Take region in sufS (EC958): Reason? Arbitrarily chosen
- 1821200..1821300 (100 bp)
- 1821000..1821500 (500 bp)
- 1820900..1821600 (700 bp)
- 1820800..1821800 (1000 bp)
- 1820000..1822000 (2000 bp)
- 1819000..1822000 (3000 bp)
Need to create extra genomes where these regions are inverted (reverse complemented). This was done manually. To create reads for both orientations, reads were generated using GemSIM from the fasta references (with the pseudo-inversion).
The command to do this was::
$ ~/bin/GemSIM_v1.6/GemReads.py -r EC958_complete.fasta -n 2000000 -l 100 -u 300 -s 20 -m ~/bin/GemSIM_v1.6/models/ill100v4_p.gzip -c -q 64 -o EC958_original_paired_sim -p
The reads were then distributed 50/50 between inversion orientations using -head and -tail which has worked previously.
Then, need to generate pseudo-references that have 1000 bp flanking region. This can be done with the newly generated CIRQUE_create_reference.py script. Once the reference files have been generated, the files can be run through DiSCus.
The above didn't quite give the expected results, so I will redo the analysis using a different region and more inversion sizes to specifically determine the effectiveness of both methods (bedmaps and paired-end) on inversion size.
Inversion sizes:
- 150 bp (1827933..1828082)
- 250 bp (1827933..1828182)
- 350 bp (1827933..1828282)
- 500 bp (1827933..1828432)
- 600 bp (1827933..1828532)
- 700 bp (1827933..1828632)
- 800 bp (1827933..1828732)
- 1000 bp (1827933..1828932)
- 1250 bp (1827933..1829182)
- 1500 bp (1827933..1829432)
- 1750 bp (1827933..1829682)
- 2000 bp (1827933..1829932)
- 2500 bp (1827933..1830432)
- 3000 bp (1827933..1830933)
Analysis method will be the same as before, with a different inversion region in EC958: position 1827933 onwards
Aim: Looking at the different sites within EC958 that are invertible.

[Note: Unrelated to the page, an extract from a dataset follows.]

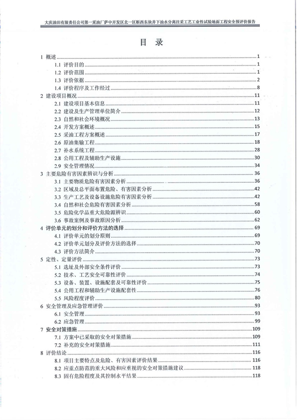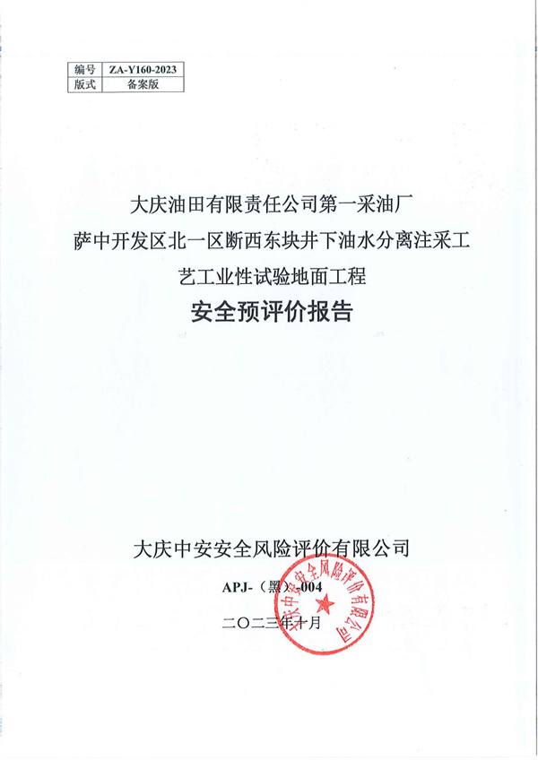 大庆油田有限责任公司第一采油厂萨中开发区北一区断西东块井下油水分离注采工艺工业性试验地面工程安全预评价报告 |

Using fimS, hyxR and the Phi invertible regions (1,2, and 4) using Illumina paired-end data from Sohinee's fim switch analysis, taking the WT EC958 strain grown on day 0 and day 5 (day 0 = shaking, day 5 = fifth day after static growth).
Method:
Created pseudo-references for use with DiSCO (or whatever it's called now).